Les marchés attendent également avec un intérêt particulier les résultats trimestriels du fabricant de puces américain Nvidia, qui seront publiés aujourd'hui après la fermeture des Bourses européennes.
Sur le plan national, l'Institut national de la statistique (INE) a diffusé à 9h00 les chiffres des hypothèques sur logements correspondant à juin, qui ont augmenté de 10,8 % par rapport à l'année précédente, atteignant 45.907 prêts, leur niveau le plus élevé pour ce mois depuis 16 ans.
PLUS GRANDES HAUSSES ET BAISSES DE L'IBEX À L'OUVERTURE
Dans ce contexte, dans les premières minutes de négociation à la Bourse de Madrid, les avancées les plus marquées au sein de l'Ibex 35 correspondaient à IAG (+1,36 %), ArcelorMittal (+1,05 %), BBVA (+0,73 %), Santander (+0,70 %) et Inditex, qui enregistrait une hausse de 0,69 %.

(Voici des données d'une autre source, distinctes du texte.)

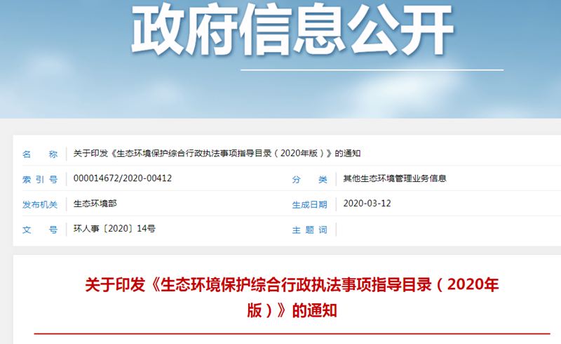重磅!生態(tài)環(huán)境保護(hù)綜合行政執(zhí)法事項(xiàng)指導(dǎo)目錄(2020年版)
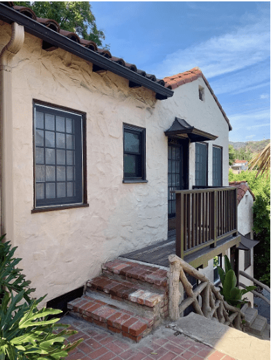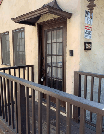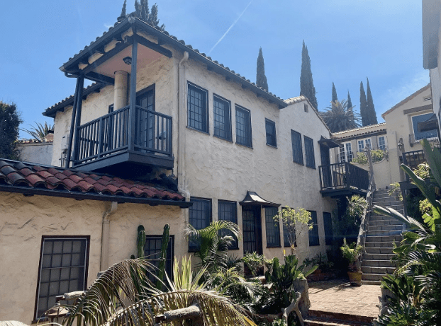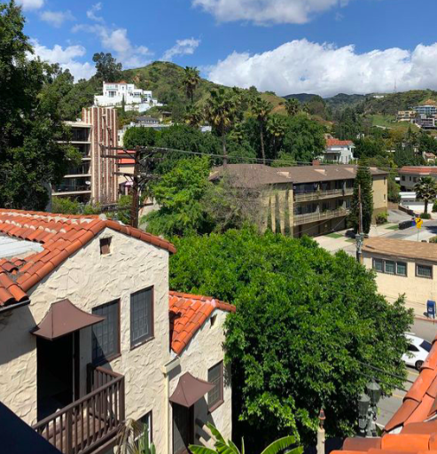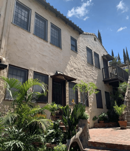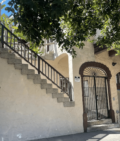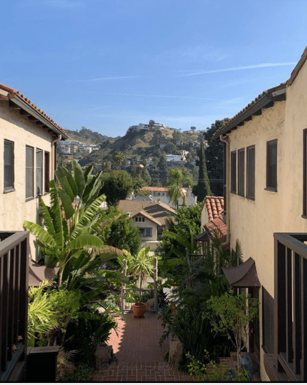 All of the units have a fireplace, kitchen, one bedroom, and one bathroom and are approximately 660 square feet. There are 4 units each in two buildings and each apartment has its own tier which cascades down to Cahuenga Blvd. Below are photographs of the exterior of the complex, now owned by Cahuenga 8 LLC:
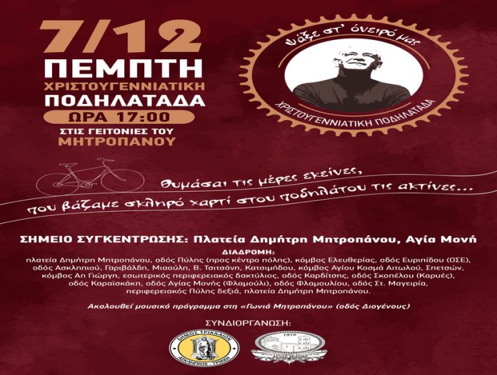 Ο Δήμος Τρικκαίων και ο Μορφωτικός Σύλλογος Αγίας Μονής διοργανώνουν στις 17:00 το απόγευμα της Πέμπτης 7 Δεκεμβρίου 2023, μια Χριστουγεννιάτικη ποδηλατάδα «Στις γειτονιές του Μητροπάνου».
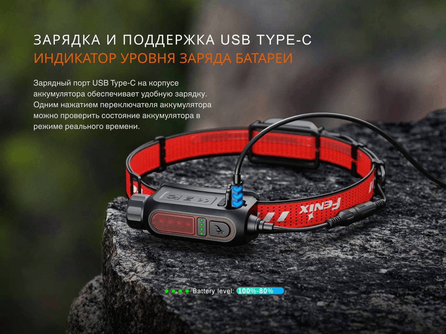 Главная особенность Fenix HP12R-T — батарейный блок, вынесенный на заднюю часть налобного крепления. Такое решение позволяет сбалансировать вес между корпусом фонаря и батарейным отсеком, предотвращая скольжение конструкции на голове во время активного движения.
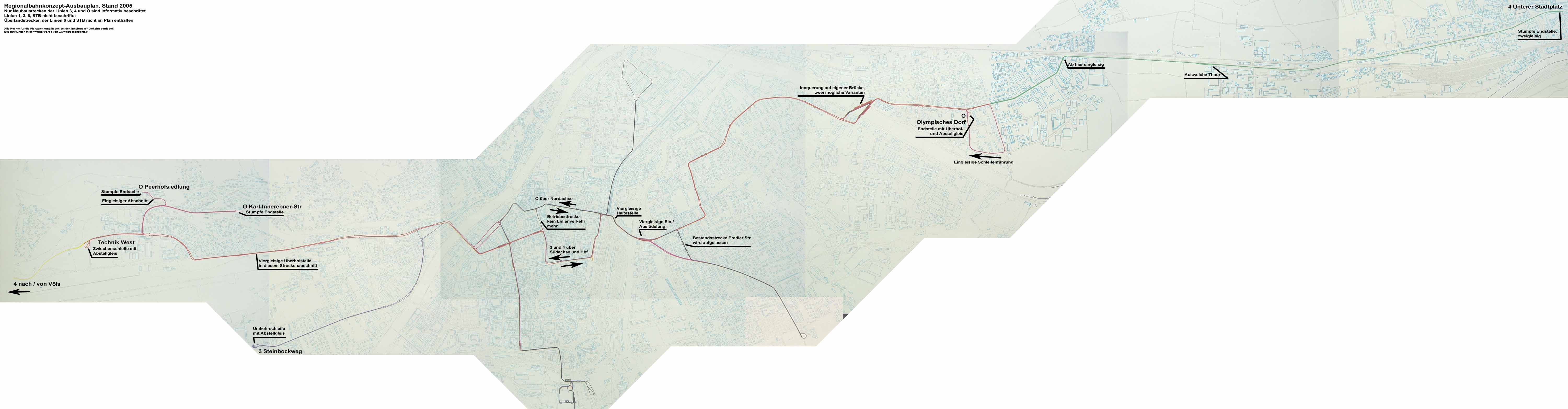 Mit der ebenfalls zweigleisigen Strecke durch die Schützenstraße Richtung S-Bahnhof und Hall sind das O-Dorf und Neu-Rum auf der zentralen Achse komplett erschlossen, eventuell würde im Südosten noch eine Stadtteilrund- oder Ringlinie als Ergänzung Sinn machen (die Linie T ist zumindest in ihrer derzeitigen Form ungeeignet).
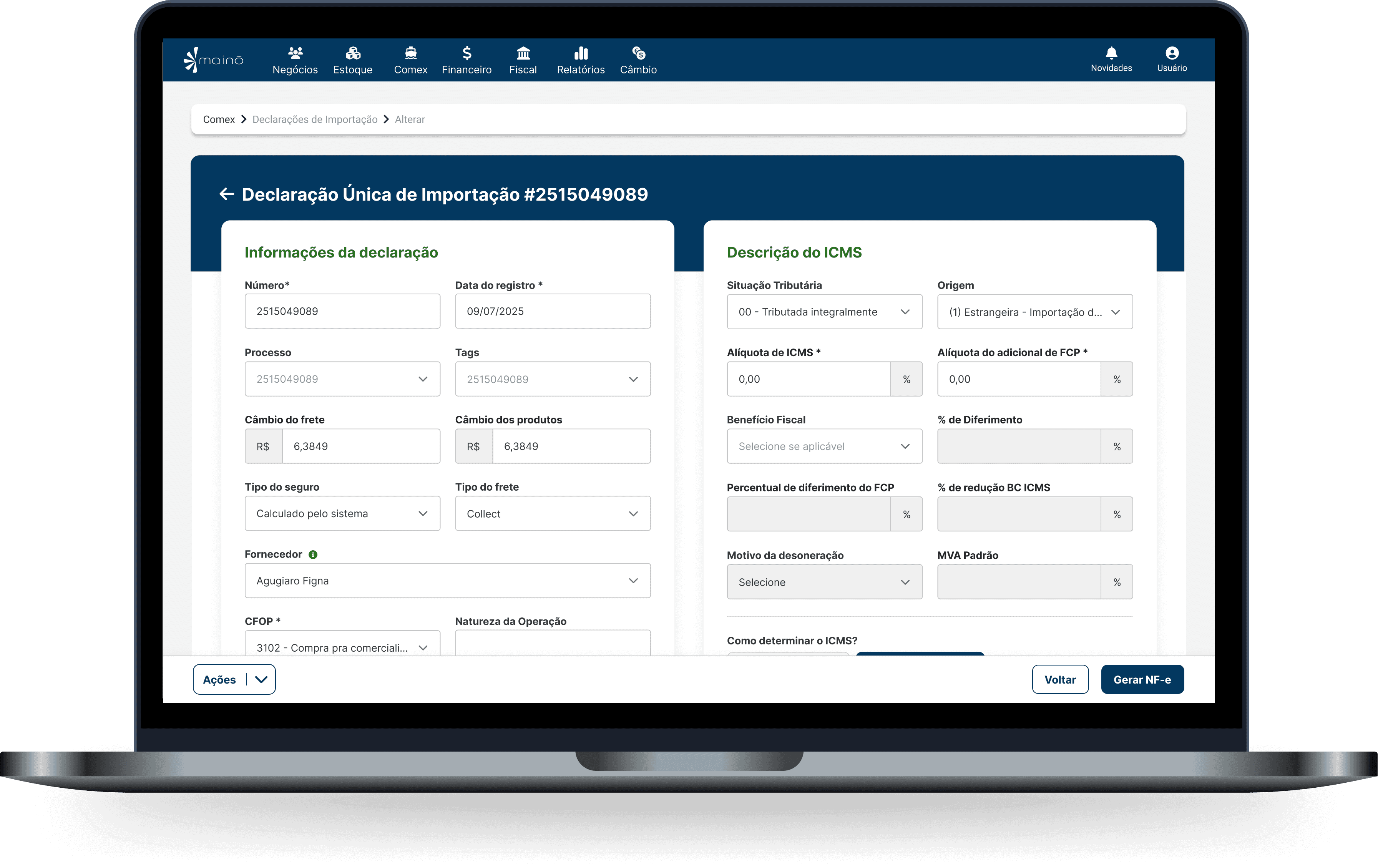 A Mainô já opera com os novos campos e cálculos exigidos pela Reforma, permitindo a emissão da Nota Fiscal de Importação no padrão atualizado, com mais segurança e menos risco de erro.
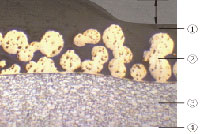 2. 铜粉层0.2~0.3mm,具有很好的承载能力和耐磨性,良好的导热性能可及时转移轴承运作过程中产生的热量。复合材料可渗入到铜粉球的间隙中,提高了结合强度。
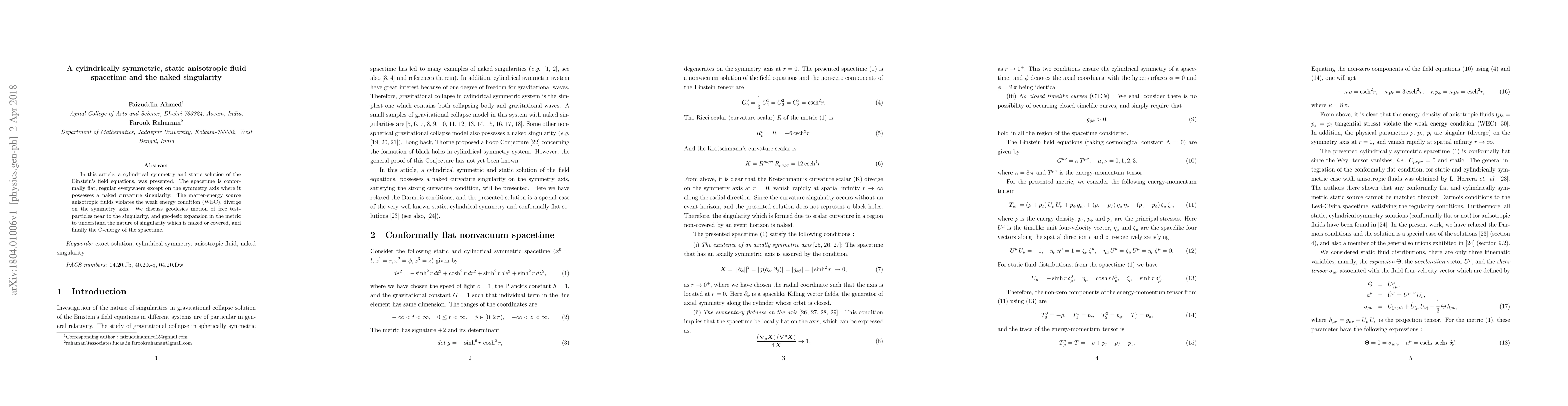 In this article, a cylindrical symmetry and static solution of the Einstein's field equations, was presented. The space-time is conformally flat, regular everywhere except on the symmetry axis where it possesses a naked curvature singularity. The matter-energy source anisotropic fluids violates the weak energy condition (WEC), diverge on the symmetry axis. We discuss geodesics motion of free test-particles near to the singularity, and geodesic expansion in the metric to understand the nature of singularity which is naked or covered, and finally the C-energy of the space-time.

Du côté des baisses, les corrections les plus marquées au début de la séance étaient pour Ferrovial (-1 %), Repsol (-0,93 %), Naturgy (-0,47 %) et Acciona Energía, qui cédait 0,19 %.
D'autre part, les principales Bourses européennes commençaient la journée avec un comportement disparate. Paris et Milan augmentaient de 0,3 % et 0,2 %, respectivement, tandis que Francfort et Londres cédaient 0,1 % à 9h10.
Sur le marché des devises, l'euro reculait face au dollar, s'échangeant autour de 1,1669 "billets verts", et sur le marché de la dette, le rendement de l'obligation espagnole à dix ans se détendait jusqu'à 3,638 %.